Problem requirements. Return the listing below exactly, with the pictures dropped.

Data block.

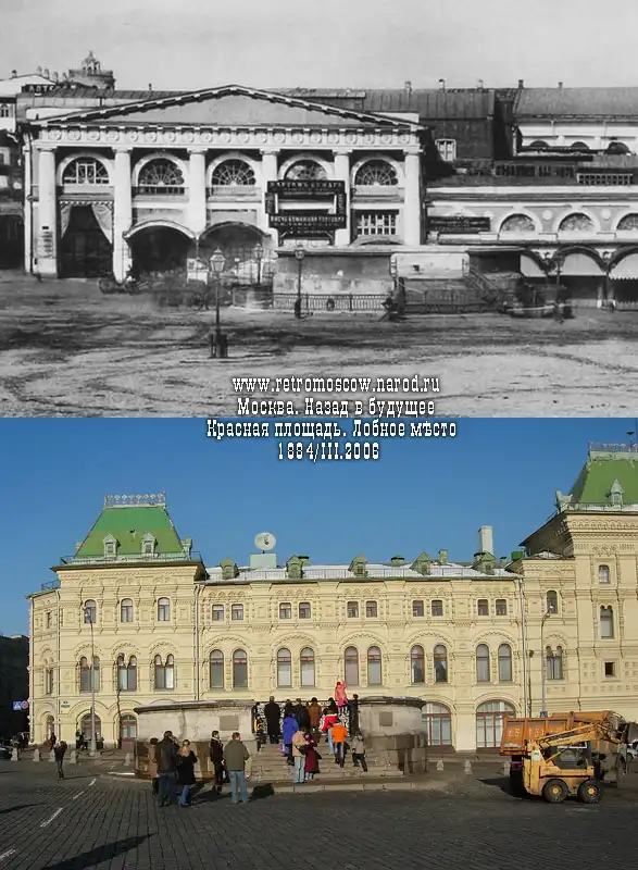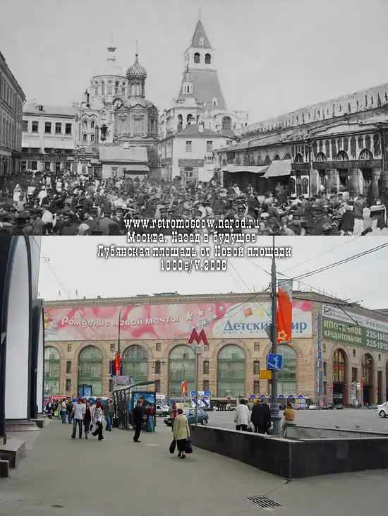 2006: слева - круглые арки перестроенного (1935) под один из выходов из метро "Лубянка" фасада графского дома (сам он надстроен в нач. XX в). В 1930е снесены все церкви и Владимирские ворота с Китай-городской стеной. Вдали, на углу Театрального проезда и Лубянской площади виден знаменитый магазин "Детский Мир" (1955-1957). В центре - гуляющие москвичи и гости столицы, троллейбусная остановка. Справа - подземный переход под Лубянской площадью с подземными киосками и другими входами в метрополитен, о чём информирует столбик с буквой "М".
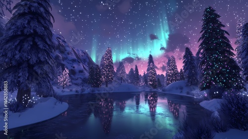 Naklejka premium Northern Lights Above a Snowy Holiday Forest
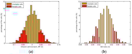Figure 14 depicts the MF and SID metrics’ histogram distributions. On both metric histograms, the reliable and unreliable cells are emphasized. Figure 14a shows the classification obtained using mismatch metric (MF), whereas Figure 14b represents the categorization of memory cells using SID metric. The proportion of reliable cells is shown by red bars, while the yellow bars show the percentage of the unreliable cells. The reliable cells have the highest absolute values using both metrics. Unreliable cells are also identified by their low metrics magnitude. These results indicate that these metrics are effective at classifying PUF cells.

Answer box.
 2006: слева - круглые арки перестроенного (1935) под один из выходов из метро "Лубянка" фасада графского дома (сам он надстроен в нач. XX в). В 1930е снесены все церкви и Владимирские ворота с Китай-городской стеной. Вдали, на углу Театрального проезда и Лубянской площади виден знаменитый магазин "Детский Мир" (1955-1957). В центре - гуляющие москвичи и гости столицы, троллейбусная остановка. Справа - подземный переход под Лубянской площадью с подземными киосками и другими входами в метрополитен, о чём информирует столбик с буквой "М".
 Naklejka premium Northern Lights Above a Snowy Holiday Forest
Figure 14 depicts the MF and SID metrics’ histogram distributions. On both metric histograms, the reliable and unreliable cells are emphasized. Figure 14a shows the classification obtained using mismatch metric (MF), whereas Figure 14b represents the categorization of memory cells using SID metric. The proportion of reliable cells is shown by red bars, while the yellow bars show the percentage of the unreliable cells. The reliable cells have the highest absolute values using both metrics. Unreliable cells are also identified by their low metrics magnitude. These results indicate that these metrics are effective at classifying PUF cells.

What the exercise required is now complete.